Real numbers - how to determine whether float or double is required?

Question

Given a real value, can we check if a float data type is enough to store the number, or a double is required?

I know precision varies from architecture to architecture. Is there any C/C++ function to determine the right data type?

yes , possible whether float or double or both are insufficient! — Grijesh Chauhan, Nov 29 '12 at 07:11
What do you mean by "enough"? Do you mean is within the range of the minimum and maximum float values? Or whether a float can represent it exactly? — David Brown, Nov 29 '12 at 07:33
There is no such C++ function. It is your responsibility to determine the precision required. And based on that - select the float or double value's representation. — SChepurin, Nov 29 '12 at 07:41
@JakobS. Pubby is correct. The *range* is from negative to positive infinity. — John Bartholomew, Nov 29 '12 at 07:51
@JohnBartholomew: It is not. Besides there is a representation for negative and positive infinity itself, there is a huge gap in numbers of course, how should there be none for any finite representation. The range of representable numbers is something like 10^-45..10^38 for `float`, e.g. — Jakob S., Nov 29 '12 at 07:55
@JakobS. The gap is irrelevant to the range, it simply means that between an infinity and the corresponding largest magnitude finite number there are no representable values, just as there are no representable values between two adjacent representable finite values. — John Bartholomew, Nov 29 '12 at 07:56
@ John Bartholomew - Sometimes it is better to simply provide a link to the reliable source - http://en.wikipedia.org/wiki/Floating_point#Range_of_floating-point_numbers — SChepurin, Nov 29 '12 at 07:59
@SChepurin: Of course floating point formats have a largest representable finite number (two, if you include both positive and negative), and of course there is a large gap between those numbers and the nearest infinity. But floating point formats *can* represent both positive and negative infinity, and therefore their range *does* extend from negative to positive infinity. What part of that do you disagree with? — John Bartholomew, Nov 29 '12 at 08:06
@ John Bartholomew - Now, there is no problem. But still, the questions like this one (explanation but not a solution) almost always are better answered with linked source information. — SChepurin, Nov 29 '12 at 08:32

score 4 · Answer 1 · answered Nov 29 '12 at 09:09

For background, see What Every Computer Scientist Should Know About Floating-Point Arithmetic

Unfortunately, I don't think there is any way to automate the decision.

Generally, when people represent numbers in floating point, rather than as strings, the intent is to do arithmetic using the numbers. Even if all the inputs fit in a given floating point type with acceptable precision, you still have to consider rounding error and intermediate results.

In practice, most calculations will work with enough precision for usable results, using a 64 bit type. Many calculations will not get usable results using only 32 bits.

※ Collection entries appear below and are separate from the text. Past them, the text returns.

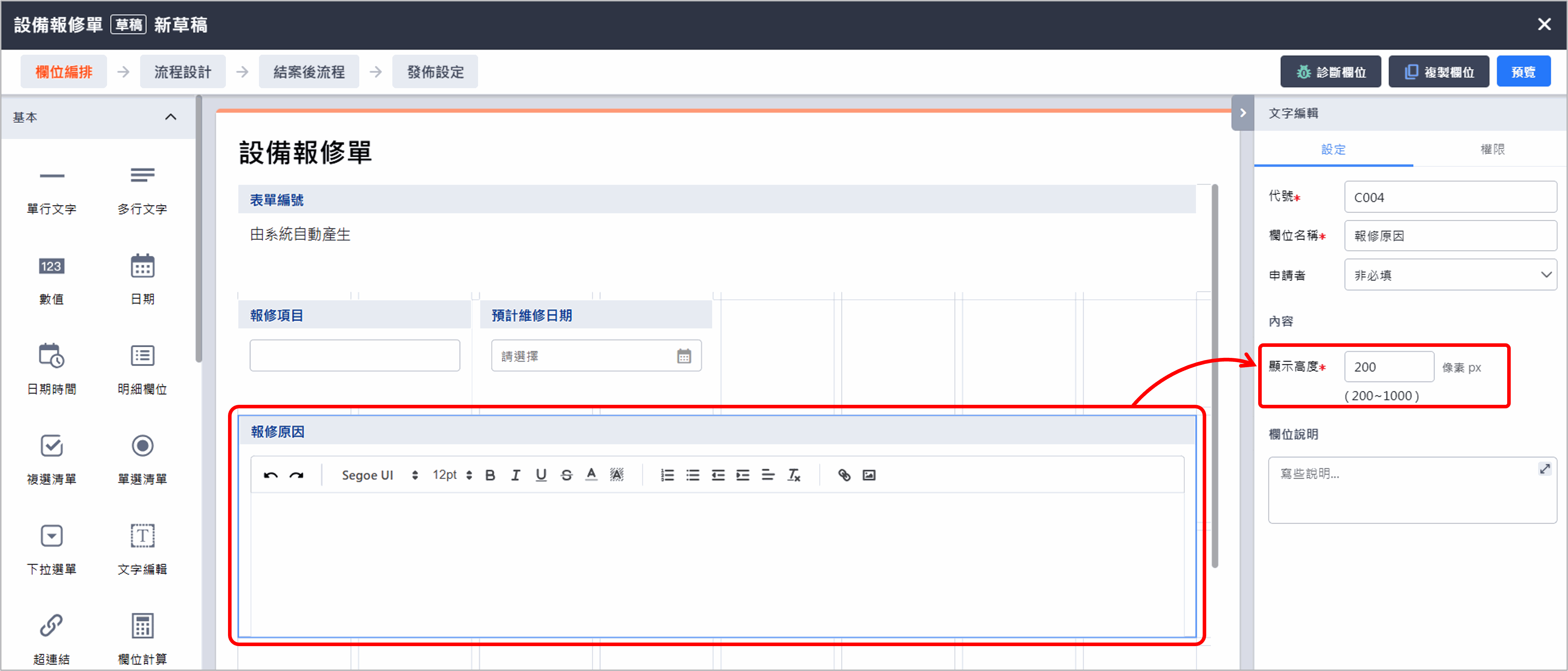依照各個欄位特性在[設定]的頁籤中有屬於該欄位需要維護的項目,並且可以決定 申請者 的填寫與觀看權限。然而在[權限]的頁籤中,可以決定 每一站簽核者 的填寫與觀看權限,若想要指定某一站簽核者的權限則可以到 流程設計 中來進一步設定。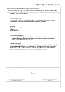 Muster-Herstellererklärung Riemchen: QNG-Anforderung – Schadstoffvermeidung in Baumaterialien (03/2025)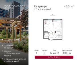Квартира на 12 этаже в жилом комплексе премиум-класса "Преображенская площадь". Общая площадь: 45.5 кв.м. Проект премиум-класса в историческом районе Москвы. До метро "Преображенская площадь" 3 минуты пешком. Квартиры сдаются без отделки и в свободной планировке, чтобы жители могли оформить пространство с учетом своей индивидуальности. Высота потолков от 3,15м, широкоформатное остекление, 3-5 квартир на этаже. Система Умный дом. Дизайнерские лобби. Внутренний двор 1,5 га функциональное и безопасное пространство для игр, работы и занятий спортом. Пешеходный променад для прогулок. Дома переменной этажности. Есть подземный паркинг. Жилой комлекс находится в окружении парков Сокольники, Черкизовский, Измайловский, заповедника Лосиный остров и ВДНХ, а также вблизи пешеходной набережной. Комфортная удаленность от центра: 7 минут на автомобиле до ТТК, 8 минут до Садового кольца, 25 минут до Кремля.

In modern processors, buses and arithmetic units are wide enough to give 32 bit and 64 bit floating point similar performance. The main motivation for using 32 bit is to save space when storing a very large array.

That leads to the following strategy:

If arrays are large enough to justify spending significant effort to halve their size, do analysis and experiments to decide whether a 32 bit type gives good enough results, and if so use it. Otherwise, use a 64 bit type.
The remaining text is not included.